许梁轻叹一声,神色凝重,缓缓说道:“徐阁老已决意放弃首辅之位,这事王贤应当已经知道了?”
王贤点头。
“温体仁这老东西在京城里上蹿下跳,想要谋取首辅之位,如果不出意外的话,首辅之位非他莫属不可。这个人与本官有很深的过节,如果他当了首辅,我的日子多半会不好过的。”
王贤似乎听懂了,惊讶地说道:“许老弟你想把温体仁的首辅梦给搅黄了?”王贤转了一圈,皱眉道:“如今内阁里只有徐光启,温体仁,孙承宗三人。徐阁老主动放弃首辅之位,而孙承宗对首辅之位似乎毫无兴趣。老弟啊,温阁老首辅的位置,咱们是挡不住的。”

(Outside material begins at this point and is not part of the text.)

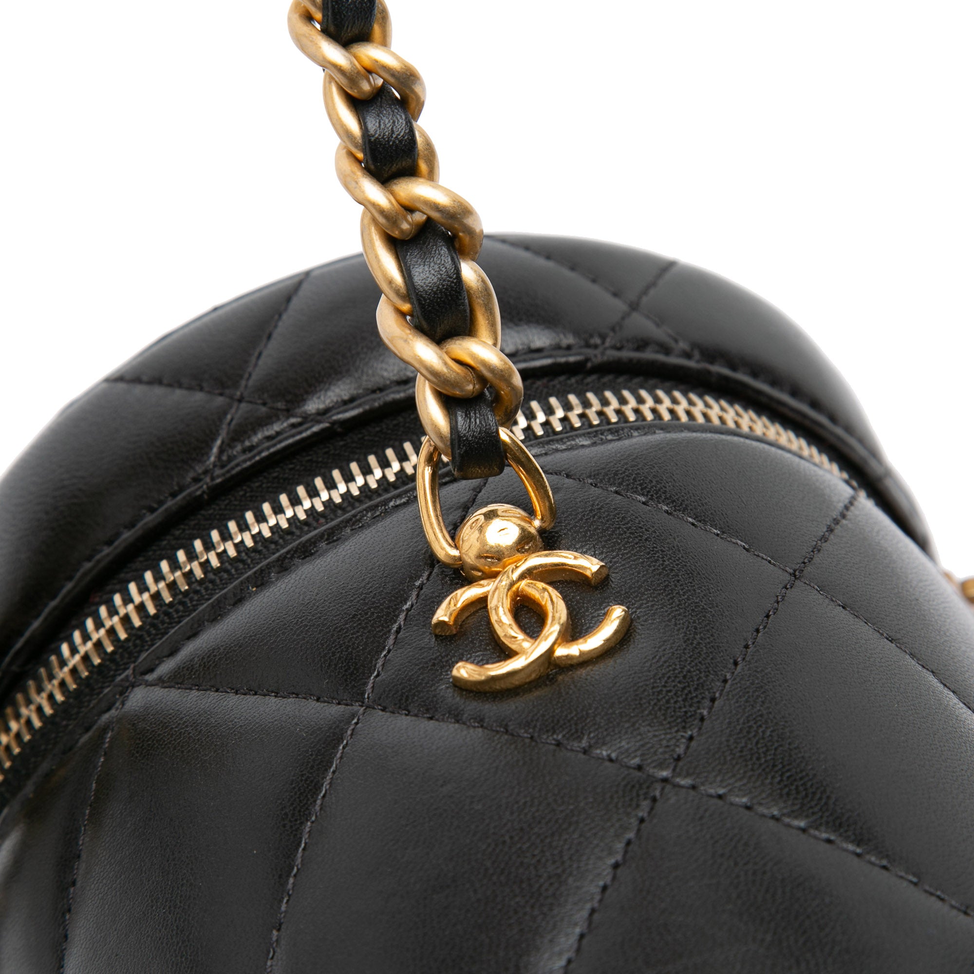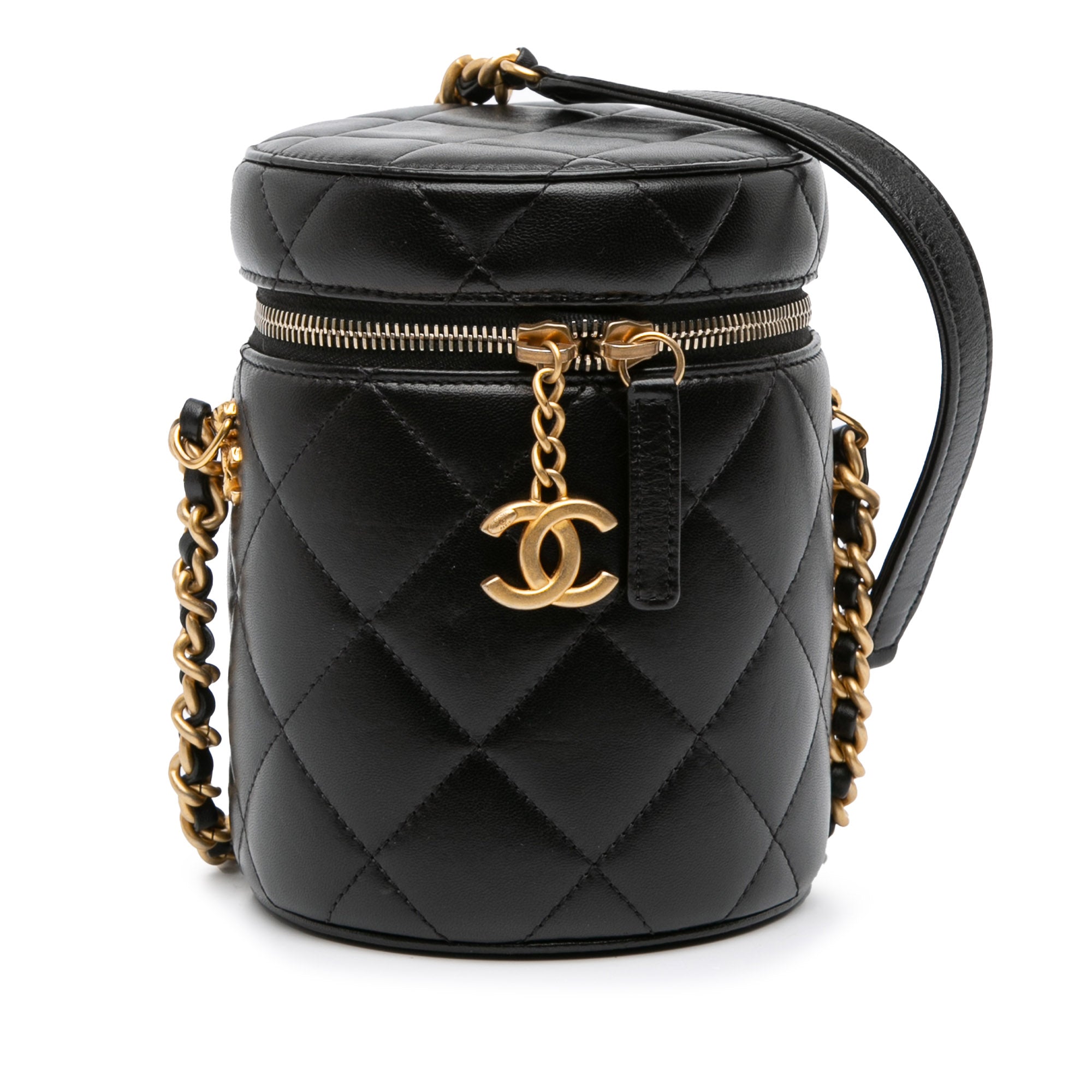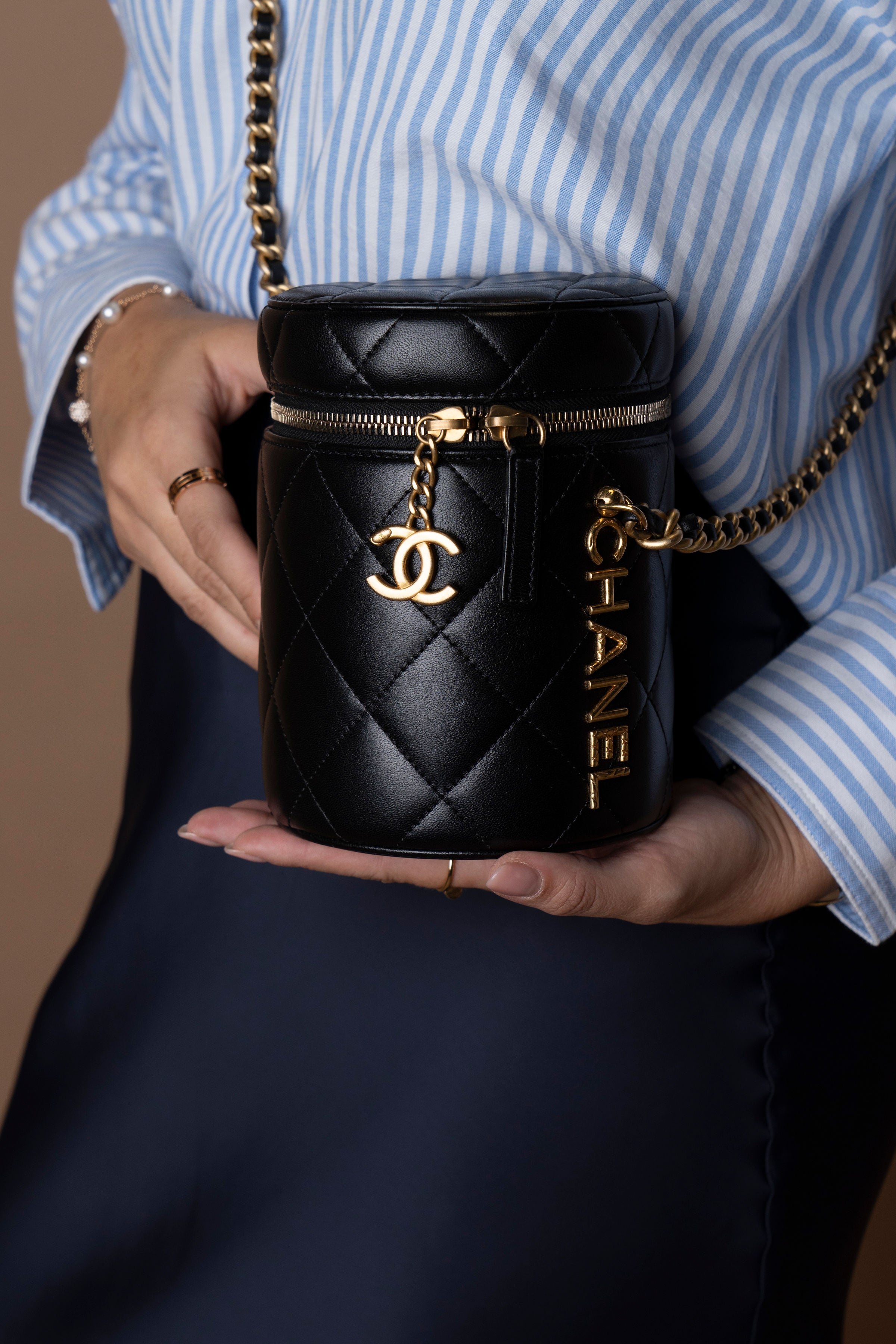 A Chanel Side Note Vanity Case combina o charme vintage das nécessaires clássicas da maison com o estilo urbano e contemporâneo da mulher moderna. Confeccionada em couro de bezerro macio com o tradicional padrão matelassê, a peça exibe uma estrutura cilíndrica elegante e compacta, ideal para quem busca sofisticação em formato mini.

许梁轻轻摇头,道:“我也知道温体仁上位已成定局。所以我要另想办法。”
王贤看着许梁,沉声说道:“许老弟需要我做什么?”
许梁道:“温体仁上位咱们挡不住。为防着温体仁一家独大,我决定往里面掺沙子。阁臣太少,肯定是要庭推补充阁臣的。我想请王兄给司礼监的王承恩带个信,请他出手,支持都察院佥都御史黄道周入选阁臣!”
王贤吃了一惊:“你想扶黄道周入阁?”
王贤仿佛重新认识许梁一样,心里感慨万千:真是让人意外啊,几年前跟在自己手下做事的建昌典史,如今不但手握重兵,居然已经开始左右朝堂了!这种成长速度令王贤惊惧。
看见许梁郑重地点头承认,王贤便拱手道:“老弟放心,你的话我一定带到。”
许梁想了想,又补充说道:“如果可能的话,请王公公设法让推选首辅之事放到增补阁臣之后进行。”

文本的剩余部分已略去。